Project 1 Requirements
Tip
- Use the command
$ ant build_analyzer
to compile and build the class. - Use the command
$ ant run_tests_analyzer
to test the class. - Use the script
$ ./runAnalyzer.sh YourFilePath
to run the class.
Project Overview
You will build a project containing a package of classes. The project runs on the command line, which will process a text file and output a series of reports on the contents of the file. As the semester progresses we will add new functionality to the project.
Special note on project code
Projects must rely on coded solutions that have been covered in the class material, unless otherwise specified.
If the coded solution uses concepts not covered in class, you are required to do a code review. This review must include a detailed explanation of your coding choices and rationale for employing a solution beyond the scope of the class material.
Terminology
Analyzer: The name of the program. This also is used to reference a class that performs analysis. In this project that includes the FileSummaryAnalyzer
and DistinctTokensAnalyzer
classes.
Tokens: A word or sting of characters in a file. Tokens do not include punctuation, do include numbers. For example, the follow sentence contains 15 tokens, but only 14 distinct tokens (very is used twice).
Capitalization is not taken into consideration, so The
and the
are two different tokens.
"The @#42$% very, very, large robot jumped over the {^*!} moon, shouting "Hello World!" with excitement!"
List of tokens in the above sentence.
- The
- 42
- very
- very
- large
- robot
- jumped
- over
- the
- moon
- shouting
- Hello
- World
- with
- excitement
Specifications
Tests
The application must pass all the provided unit tests. Running the tests will be covered in lectures and labs. It is strongly recommend that you use Test-Driven Development (TDD) and start the project by running the tests and proceed to code to make each test pass.
Code Quality
All java source files must comply with:
Input File
The analyzer needs an input file to process. The input file can be any ASCII file that contains text. This file can be the contents of books downloaded from the Internet, documentation for software, email from your mom, anything you want. It is highly recommended that you test the application with several files of varying size, from very small to large.
File Size
You must be prepared to test your application with a file that is bigger than 20MB with more than 4 million tokens. Your application must process this file properly. I will provide the "big file" in Slack for you to test against. Be sure that you test your application with this file before code review time and compare your output to the expected output. The expected number of total tokens for the "Big File" can be found in screenshots/project-1/code-review-prep.md
.
Generating the Tokens
For the purposes of this project, you must use the regex, \\\\W
to split the tokens out of each line in the input file:
inputLine.split("\\W");
No Empty Tokens Allowed
You will notice that the code above results in some empty tokens, or tokens with a length of zero. You will need to write a small bit of code to ignore any empty tokens, meaning, do not pass empty tokens to your analyzers for processing.
Project Directory Structure
Your project should have the following directory structure. This style of directory structure is very commonly used by Java programmers. We will make this in the first lab, don’t bother trying to do this now.
This structure will hold all projects for the course.
projects/
|-- build.xml
|-- docs/
|-- lib/
|-- output/
|-- README.md
|-- screenshots
|-- src/
|-- java112/
|-- analyzer/
|-- labs1/
|-- utilities/
Description of each directory:
- The projects directory can be anywhere that you would like. This directory must be at the top level of your directory.
- The docs directory will contain the documentation for the application in javadoc format.
- The lib directory will contain the .jar files for the project.
- The output directory will contain the output generated by your application.
- The src directory will contain all of your .java source code files in their correct package layout.
- The analyzer directory will contain the source code that is only part of project 1.
Exception Handling
There are places in this application that need exception handling. All exceptions that happen during the running of this application must be caught and the stack trace displayed to the command window. One exception that should be tested is if the input files are not found on the disk. This can be easily tested by entering a file name that is not on your computer.
Documentation
All source code must use the javadoc style of comments.
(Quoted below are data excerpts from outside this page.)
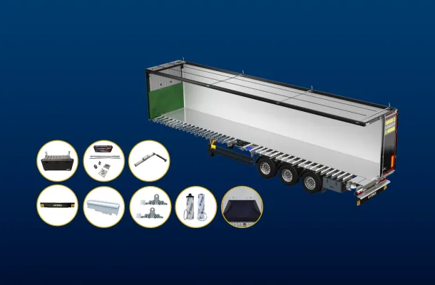 | SEMIRIMORCHIO PIANO MOBILE KRAKER K-FORCE PORTE LATERALI Caratterizzato da due aperture lungo tutta la parete sinistra e dal tetto sopra le porte sollevabile di 30 cm, questo veicolo garantisce la massima luce di carico laterale per il trasporto di carichi lunghi e indivisibili. |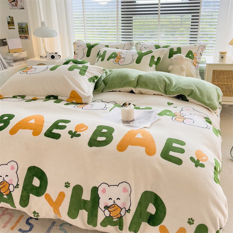 啄木鸟 ZMN-NNR005 被子/被单 牛奶绒四件套-字母兔子
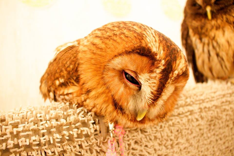 動物咖啡店最近在秋葉原刮起一陣旋風,像是貓咖啡、兔咖啡、爬蟲類咖啡以及最新的貓頭鷹咖啡店。這間東京貓頭鷹咖啡店(Akiba Fukurou)裡面約有25種大小和品種各異的貓頭鷹,空間不是很大,鳥兒在房間四周棲息,很乖。不像東京其他貓頭鷹咖啡店,這家允許客人和貓頭鷹互動,花大約500台幣就可以選鳥,讓牠和你坐在一起,你也可以摸牠。
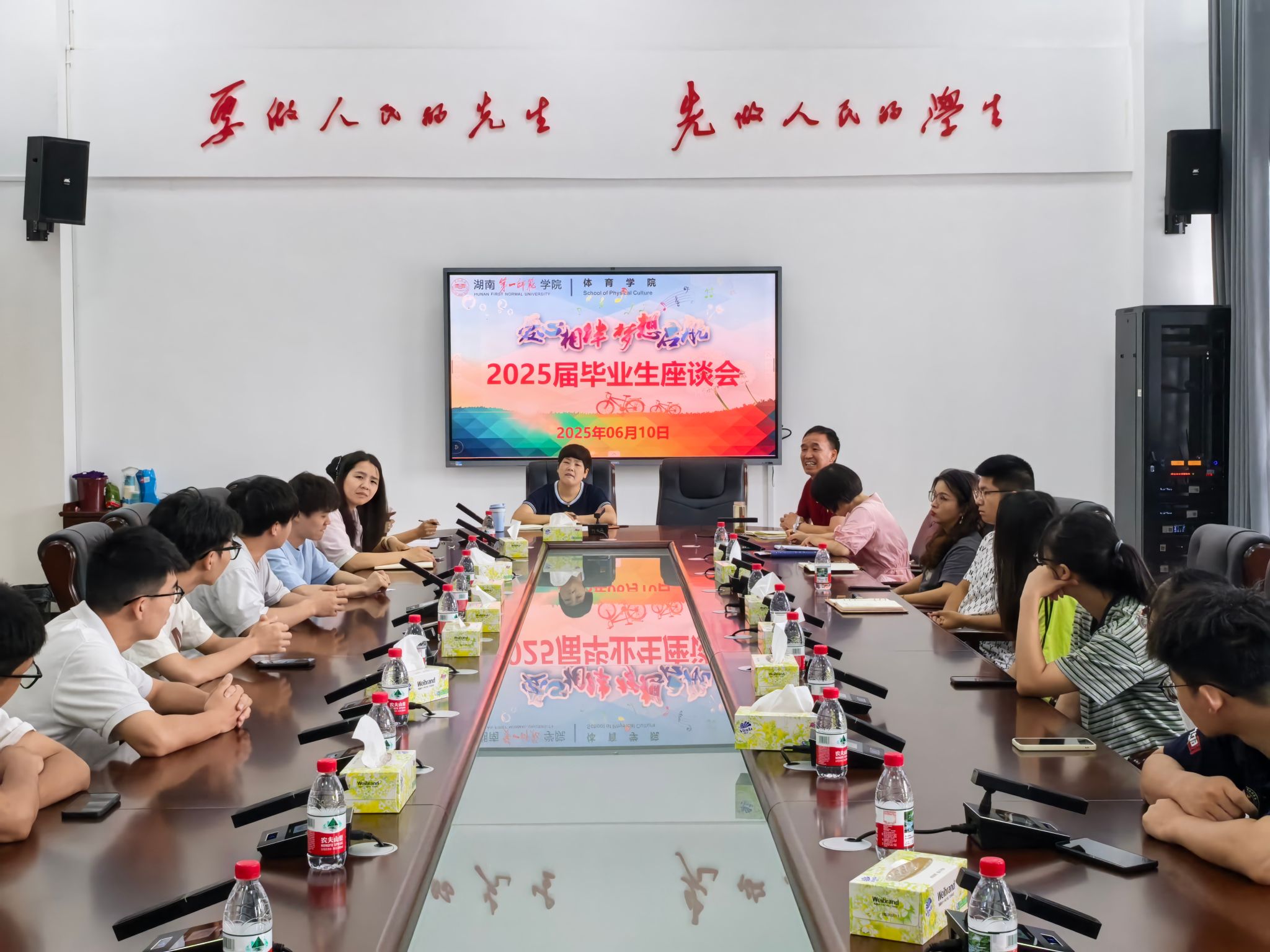 6月10日上午十点体院2025届毕业生座谈会在体育馆211会议室顺利召开,学院党政领导非常重视,党委书记邹华秀,副书记朱建伟,副院长郭宇,学工办主任叶晶,院团委书记唐智鹏,专业教研室主任单思文,全体辅导员及各毕业班学生代表22人参与会议。会上同学们就自己在学校的学习、工作、生活等各方面畅所欲言,对学校、学院提出了多项宝贵的意见和建议。座谈会最后,邹华秀书记做了“传承、坚守、展望”主题发言,祝福大家完成了大学本科教育,即将开启新的人生。愿每个人都能活成一束光,绽放着所有美好!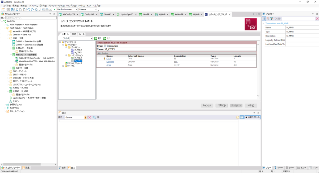 取込完了後、DBリバースで自動生成されたCTRYトランザクションを参照すると以下の様にAREAトランザクションと親子関係として認識されていることが確認できます。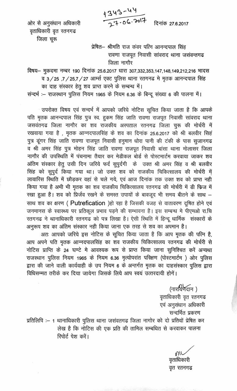 जयपुर। गैंगस्टर आनन्दपाल सिंह के शव को रतनगढ़ मोर्चरी में रखे हुए आज बुधवार को पांच दिन हो गए हैं। परिजन आनन्दपाल का शव तब लेने की कह रहे हैं, जब उनकी मांगों पर सरकार सहमति दे। उधर आनन्दपाल के शव का दाहसंस्कार नहीं होने से पूरे शेखावाटी क्षेत्र में तनाव है। हजारों लोग सावरदा, लाडनू, रतनगढ में डटे हुए हैं। कई क्षेत्रों में धरने-प्रदर्शन हो रहे हैं। आनन्दपाल के शव लेने के लिए पुलिस ने उनके परिजनों को नोटिस भेजा था। नोटिस नहीं लेने पर अब पुलिस ने उनके घर पर नोटिस चस्पा किया है। वे शव ले जाएं, नहीं तो पुलिस उसका अंतिम संस्कार करेंगी।
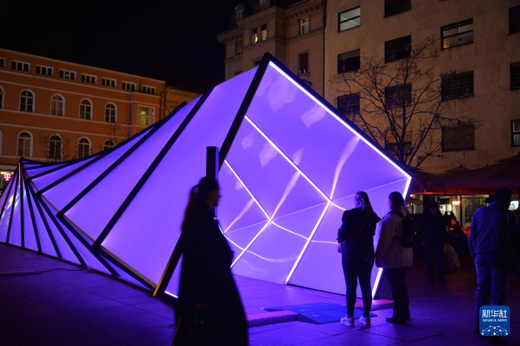 3月18日,人们在克罗地亚首都萨格勒布市中心广场欣赏灯光艺术装置。

- All classes should have a thorough explanation of that class in the class comment section.
- All methods and constructors must be documented with all input parameters, the return type (if applicable) and thorough descriptions.
Packaging the Application
The source code for the application should be placed in a package named java112.analyzer
. This will result in a directory structure in your projects/src
directory.
Output Files
Output
All output files must be written to the output/
directory.
distinct_tokens.txt
This file will contain all the distinct tokens in the input file.
- Must be named
distinct_tokens.txt
- ONLY one token on each line
- Do not include any headers, labels, or extra text
- No duplicates in the file
summary.txt
This file will contain summary information about the analysis of the input file. It must be named summary.txt
.
It will contain the following information in this order:
- The name of the application generating the report. Make up a name for your application or call it "The Analyzer".
- Your name.
- Your email address.
- The absolute path of the input file that was analyzed.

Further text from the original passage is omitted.